OOC: Sorry didn't know the game had taken off so much.


----------



## Queenie (Nov 13, 2009)

rangerjohn said:


> Coming out of his meditation Reginald introduces himself and asks what probably all wish to know.  "Just what problems have you been having Burgomeister? and how may we be off help? "
> 
> OOC: Sorry didn't know the game had taken off so much.




"Have some manners, will you?" Morgana says bossily. 

She swooshes forward and curtsies, extending her hand in a royal way. "Morgana Teleri, Pleasure to meet you. I will let my friends introduce themselves and then you shall tell us of your troubles."


----------



## rangerjohn (Nov 13, 2009)

Well I see Reginald and the court have a mutual dislike of each other.


----------



## Deuce Traveler (Nov 13, 2009)

Fenn turned towards Thalion and said, "Well that Biggums chap seems nice," but after an uncomfortable silence he shuffled his feet, cleared his throat, and headed upstairs to the office.

"The name's Fenn, sir.  Fenn McDabbler.  Fancy place you have hear, if you don't mind me saying so.  I'm always looking to help out in a pinch, though of course I usually ask a modest fee for such services."


----------



## Guest 11456 (Nov 14, 2009)

The Sylph merely places a fist to his chest. "Zephyrus!"


----------



## Fenris (Nov 14, 2009)

The elf gives a short bow, "Thalion at your service sir."


----------



## Frozen Messiah (Nov 14, 2009)

Biggums walks in and sits of to the side and whatches everyone's little introductions then he steps forward, takes his gun out of the holster and begins spinging it. "The name is Biggums Solomon Nipper, gun for hire, and I would like to give you my word that your problems will get fixed if i have anything to do with it. What evrything comes down to is the amount of trouble you be havin'." Biggums says with a smile on his face as he sees the look on the man who was already paniced face go slightly pale as Biggums spins his gun.


----------



## Jack Daniel (Nov 14, 2009)

Burgomaster Kemp gives a stiff bow to each of you and proclaims, "Most excellent.  That being the case, we might have just what you're looking for.  At least, if the reports I've been hearing are true; but then, I should leave it to Mr. Bedan to explain."  He turns to the farmer and prompts, "Go ahead, Bedan.  Tell these people your story."

The farmer now turns to face the six of you.  His hands are clenched tightly on an old felt, wide-brimmed hat.  He seems a little nervous, but soon finds his voice and begins his tale: "Well, y'see, um... we got trouble with... with what folks think to be goblins.  Now I know it seems foolish, like somethin' out of an old hearth-tale, but I swears that's what me and mine have seen.  Fierce they are, with yellow eyes, slitted like a snake's.  Dwarf-high, but hunched over and bandy-legged.  Sharp-toothed, and with ears shaped like bat's wings.  If they aren't goblins, well... whatever they are, they aren't men.  That much is fact.  Fact, I says.

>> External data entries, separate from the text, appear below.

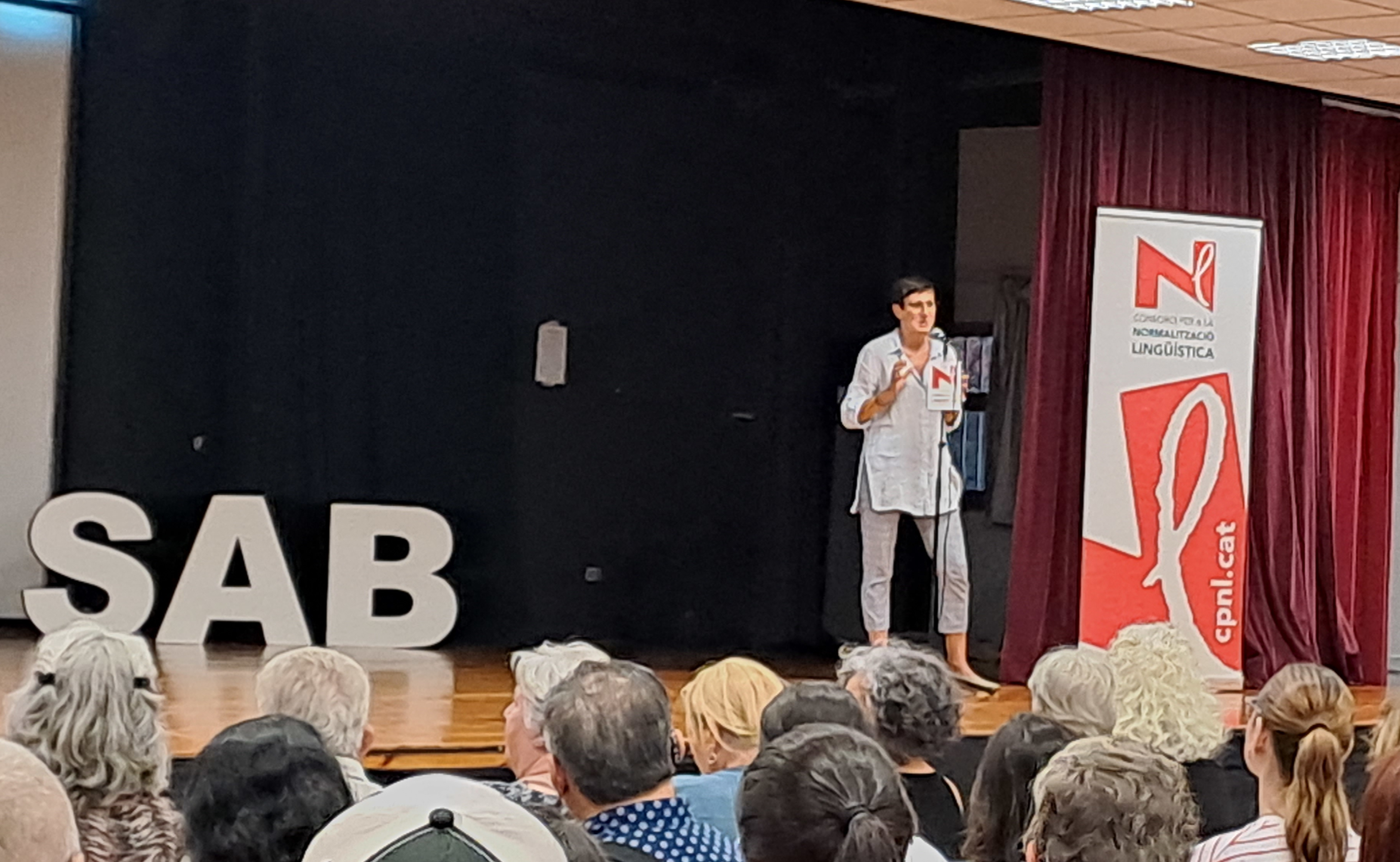 L'acte, que va estar carregat de sorpreses i que no va deixar indiferent ningú, va comptar amb la presència d'alumnes dels cursos de català i de participants del Voluntariat per la llengua (VxL), programa que aquest any celebra els seus 20 anys. Per commemorar aquest aniversari tan especial, es va convidar els voluntaris a pujar a l'escenari per agrair-los la seva important tasca i per bufar les espelmes d'un enorme pastís virtual. A continuació, es van sortejar tres lots de regals entre el públic, amb entrades per al teatre, llibres i material educatiu i la directora del Centre, Emma Giménez, va agrair l'assistència a tot el públic i va desitjar un bon curs a alumnes i parelles del VxL.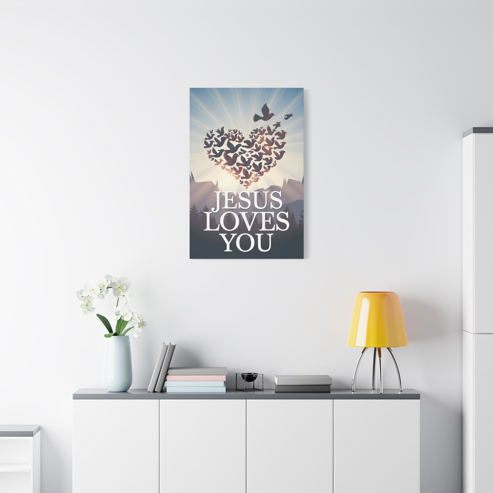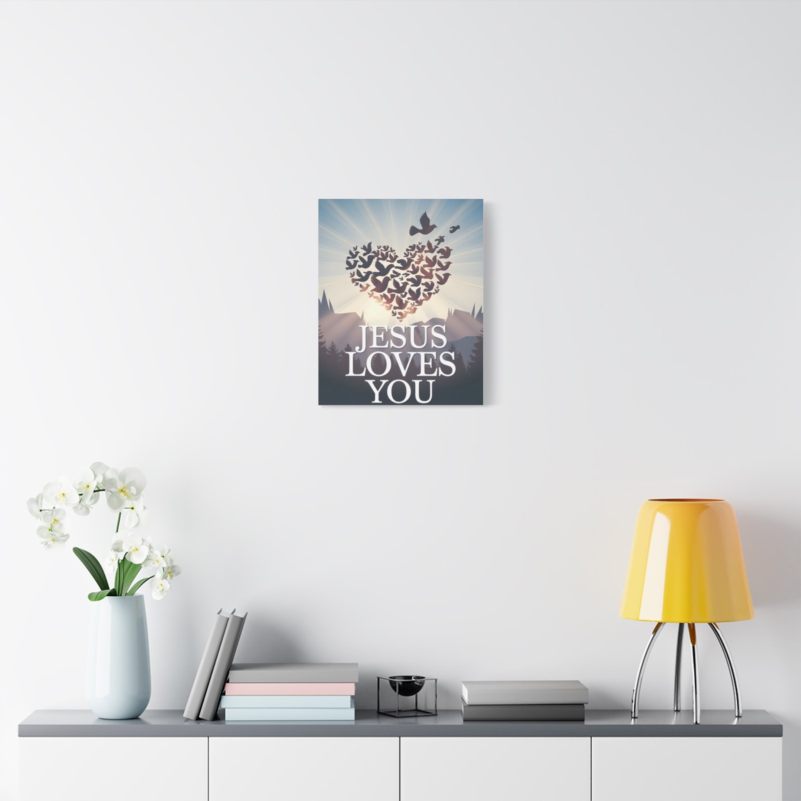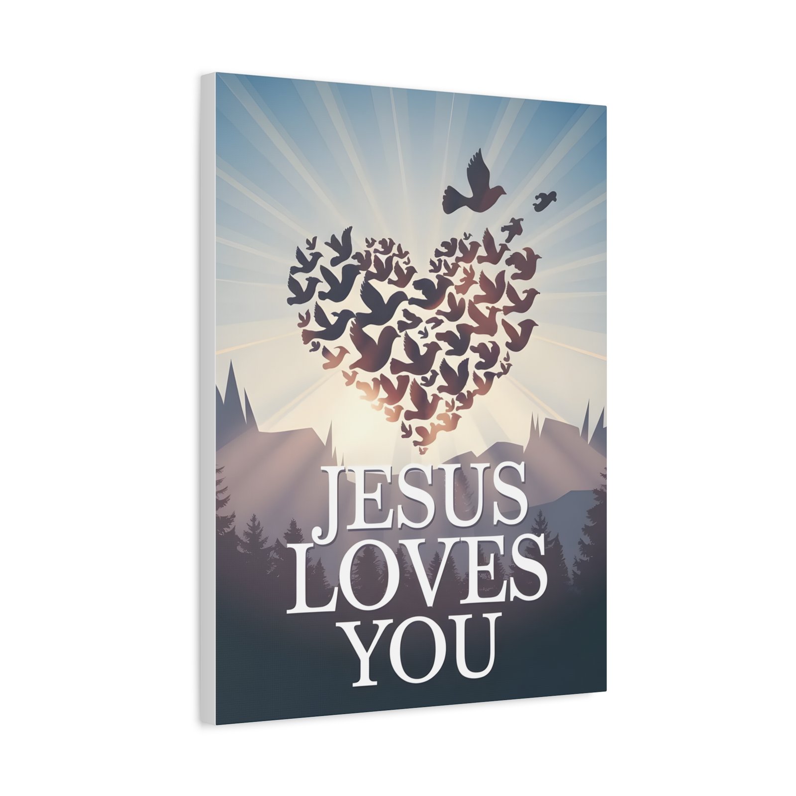 A serene, faith-forward canvas that brings a quiet, hopeful presence to any room. Soft morning light spills over distant mountain ridgelines while a flock of birds forms a heart above the treetops, carrying the gentle message “JESUS LOVES YOU.” The matte stretched canvas finish mutes glare and deepens color, so the warm pastels and layered silhouettes feel like a breath of calm every time you pass it. Hang it in a living room, entryway, nursery, or small chapel to anchor the space with comfort and a reminder of grace.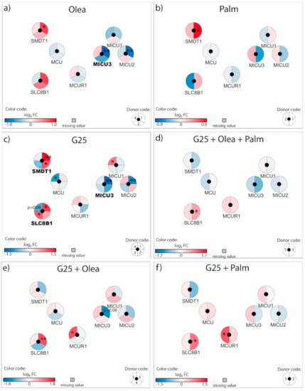 Effects of high 25 mM glucose (G25) and 0.4 mM oleate (Olea) or palmitate (Palm) on the transcriptional regulation of mitochondrial calcium transport genes. Human islets were exposed to (a) Olea at G5.5, (b) Palm at G5.5, (c) G25, (d) G25 + Olea + Palm, (e) G25 + Olea, and (f) G25 + Palm for 3 days before RNA-Seq analysis. Effects of culture conditions on transcript levels are compared to standard G5.5 medium and shown as upregulated (red), downregulated (blue), or unchanged (white). Missing values are represented in grey. Each disk is split into individual changes for the different donors. Color code reflects the transcriptional changes in log2 fold changes (log2 FC) for that particular gene in individual donors. * adjusted p < 0.05, ** adjusted p < 0.01 between control 5.5 mM glucose and the specific culture condition.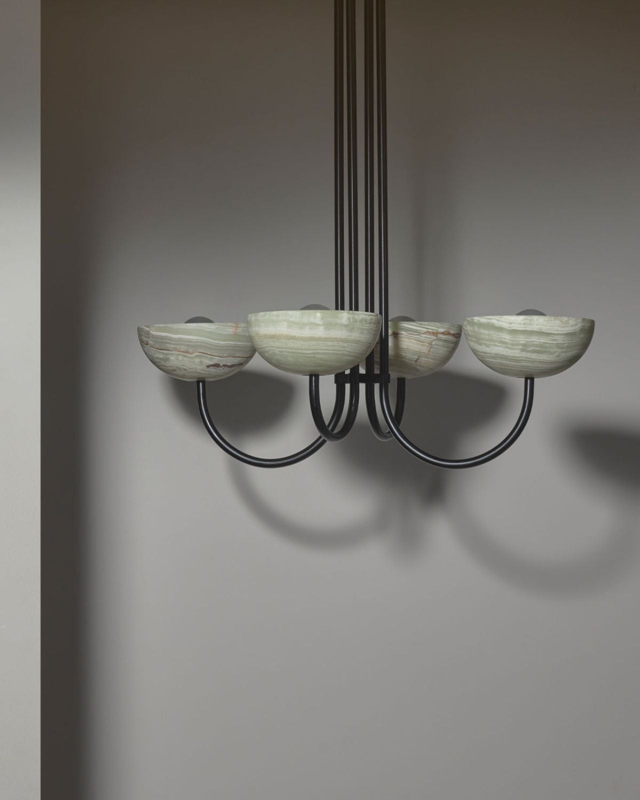 Onyx Stone Narrow Quad Dome Chandelier | Aurelia | Jade Onyx | Brushed Black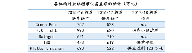 至于 2017/18 榨季,假定 2017 年气候一般,则该榨季全球产量无望上升并缩窄供需缺口,目前一些机构预测 2017/18 榨季全球糖市供需无望沉回均衡,以至呈现小幅供应过剩,全球糖周期供应欠缺阶段或将竣事。不外因为从产国气候有不确定性,2017/18 榨季糖供需存正在较大变数。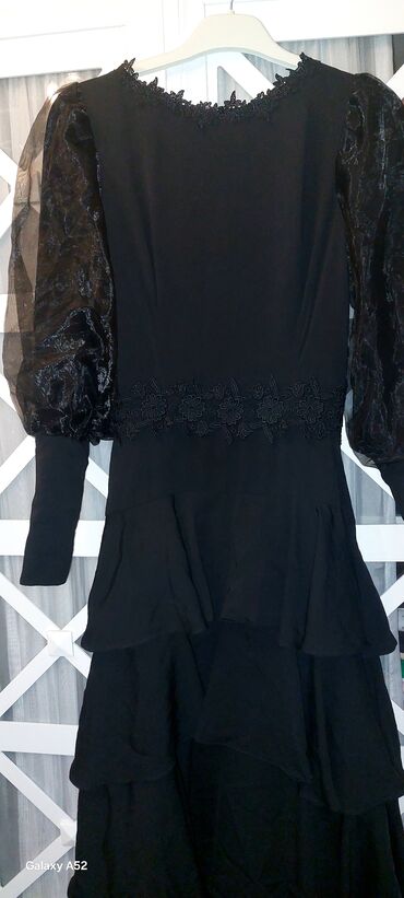 - Model: Uzun, qat-qat ətəkli (ruffle) qara don

"They come out of the Burning Hills, y'see.  'Tweren't that long ago, maybe a couple of weeks.  Three farms've been burnt down already, and not one soul found alive.  Only bones left of the livestock, but no sign..." he swallows "...no sign of the people.  We're all afeared to go out and work our fields... 'course, if we don't get out there soon, the crops'll rot in the ground, and we're liable to lose 'em.  We don't know what to do... so, as it came to pass, I was sent to fetch help."


----------



## Deuce Traveler (Nov 15, 2009)

"Pardon me asking, sir, for I am more than happy to help in return for just compensation, but isn't there a nearby militia that would be a help or established guard?  What of them?  Also, how large of an area are these Burning Hills?  How large of an area would we be needing to cover in order to find the lair of these odd men or... goblins, as you say."  Fenn asked the last part of the question incredulously.


----------



## Jack Daniel (Nov 16, 2009)

Mayor Kemp interrupts to answer Fenn's question.

"We don't have anywhere near enough troops in the town militia to flush bandits, or goblins, or whatever out of the hills.  The whole area is less than two leagues across, but the land is rugged, and passage is slow.  Those hills have always been wild; I think nobody has ever explored them fully.

"The fact remains, isolated farmsteads throughout the area have been subjected to these foul, murderous raids, and we don't know what purpose -- if any -- lies behind their perpetrators.  As Bedan says, there have been no survivors from the raids; not even bodies to recover and give due burial.  But we have sent scouts out into the fields around the town, and they've reported strange tracks leading east, right into the area where the Drache River flows through the Burning Hills.  They estimate some twenty individuals in a raiding band, though nothing more can be learned except by following the trail.

"That's where you come in, brave and kind adventurers.  Our militia-men aren't trained for this sort of mission.  If it really is goblins in the hills, they'll have a cave of some sort, where they can hide from the sun.  That means fighting in close quarters, underground, and possibly even traps to deal with.  Thus, we have need of your skills.  These raids cannot go unpunished!  The people of this region _must_ be protected!

"Ah, but if I were twenty years younger, I would go with you myself... as it stands, I can only equip your venture and send my best wishes along with you.  But Mr. Bedan will be able to guide you to the hills.  And... well, there you have it."


----------



## rangerjohn (Nov 16, 2009)

Well at least we have a good idea on where to start, Reginald says.


----------



## Fenris (Nov 16, 2009)

"Rugged terrain is no problem for me. I shall help these people as I can" offers Thalion


----------



## Deuce Traveler (Nov 17, 2009)

"Well, you can count me in, sir.  When do we leave?"


----------



## Queenie (Nov 17, 2009)

Morgana raises an eyebrow at Thalion. "You brought me out here to go mucking around in a cave full of goblins?" She shakes her head.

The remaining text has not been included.